From 1980-1986 I was an economist at the Fed.
I started in Financial Research (a section focused on the banking industry), then went to Mortgage and Consumer Finance (the section that dealt with housing), then to National Income (the section that forecast GDP, unemployment, and inflation), then to International (where I worked on solving a puzzle regarding the way that the Fed’s econometric model saw the impact of a dollar depreciation on output–it turned out that there was a mistake in the model), then back to Financial Research.
In Financial Research, my colleague Paul Burik noted what he called the “New York Fed view of the world,” which is that if the big financial institutions in New York are doing ok, then the economy is fine. This observation made it easy to predict the policy response to the 2008 financial crisis: there were enough big NY financial institutions not doing ok that an all-out bailout for them was the Fed’s top priority.

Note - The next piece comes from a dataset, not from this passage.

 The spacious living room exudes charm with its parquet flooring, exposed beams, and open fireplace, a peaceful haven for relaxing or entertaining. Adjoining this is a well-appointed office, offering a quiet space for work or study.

In National Income, Peter K. Clark inclined me to be concerned about the time series properties of macroeconomic data. He passed around Benoit Mandelbroit’s Fractal Geometry of Nature, which is a cool book but did not really help me with the problem. But he also passed around Ed Leamer’s Specification Searches, which was a major influence on my thinking, to the point where I recommend Leamer for the Nobel Prize. The then-standard practice of trying different regression specifications with the same data leads to totally unreliable results.

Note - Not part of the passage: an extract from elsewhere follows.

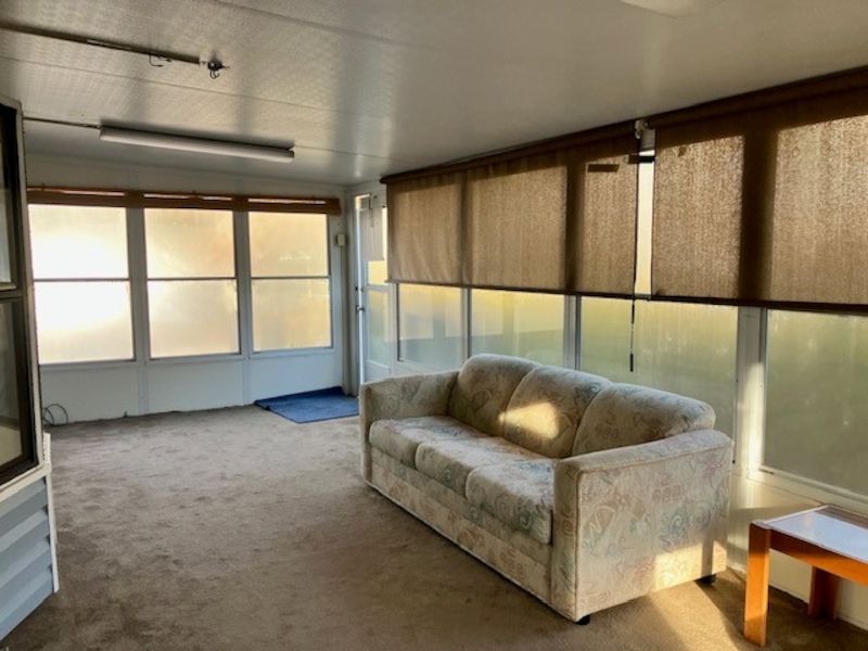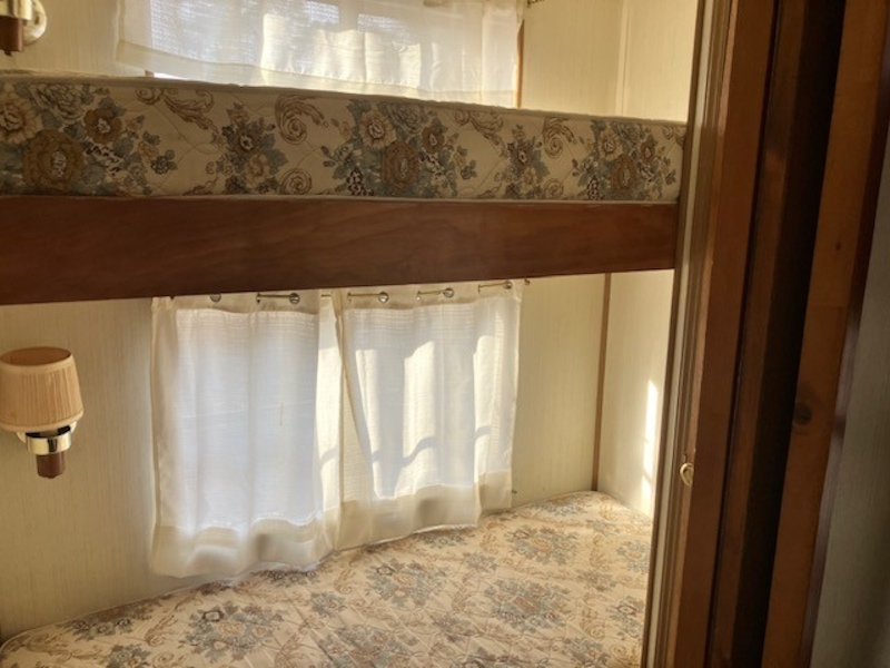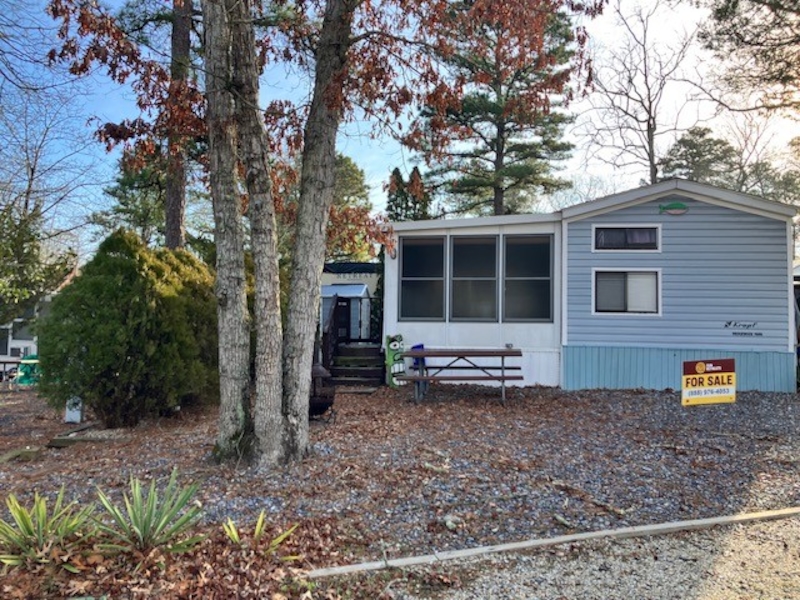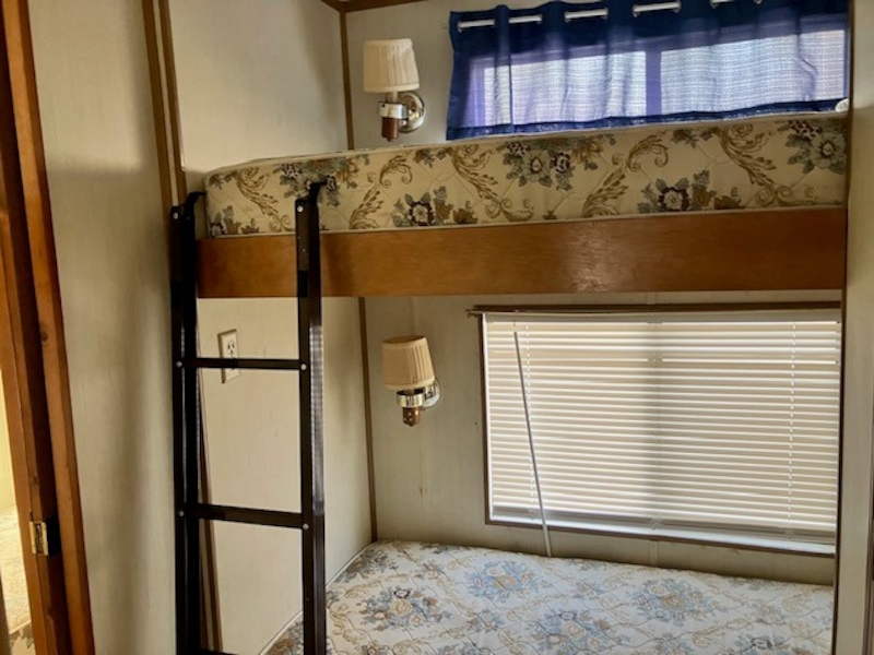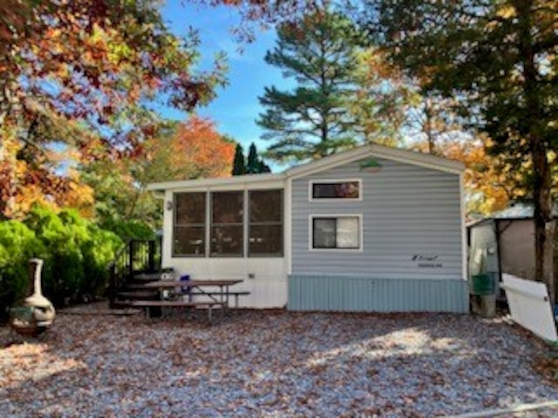 This 1989 Kropf park model with large added sunroom is the perfect affordable summer home you have been waiting for. 3 bedrooms. A primary bedroom on one end and 2 bedrooms each with a set of twin bunks on the other is perfect for the little ones. Added room double's the living space can be equipped with futons or sofa beds for added sleeping arrangements. Shed is included as well. Must see this bargain in person.Features

Also in Financial Research, I wrestled with the problem of reconciling modern finance theory with conventional monetary theory and macro. In conventional monetary economics, changes in the relative supplies of different financial instruments have enormous effects. But in modern finance, all people care about are the underlying risk characteristics of the real projects that households and firms undertake. How those projects are financed does not matter, because of the way that financial instruments can be re-arranged. As Merton Miller put it, “Whether you cut a pizza into 8 slices or 6 slices, it’s still the same pizza.” The pizza is a risky project, like building a piece of commercial real estate. Whether it is financed mostly by equity or mostly by debt, the economic issue is how profitable the building turn out to be.
Eugene Fama and Fischer Black were willing to go all out with the finance view. Fama’s paper “Banking in a Theory of Finance” and Black’s paper “Bank Funds Management in an Efficient Market” were the most influential in my thinking. It leads me to downplay the significance of the Fed as a macroeconomic force, and this opinion of mine is rejected by pretty much everyone else. I do accept that the Fed plays a role in allocating credit to the state and to the state’s preferred clients, as in the aforementioned bailout. Fed regulations, which are often overlooked by macroeconomists, are important for credit allocation purposes.
I also learned a lot about organizational culture. One of my aphorisms is that an organization is like a college. An organization teaches you with its culture. But just as with college, after you have been there a few years, you should have absorbed its lessons and leave.
In sociologist Michele Gelfand’s terminology, the Fed’s culture is very “tight.” Peter K. Clark was driven out for being too rebellious, although in most organizations he would have been considered a perfectly satisfactory team player. In that sense, the Fed was a terrible fit for me, and I should not have stuck with it as long as I did.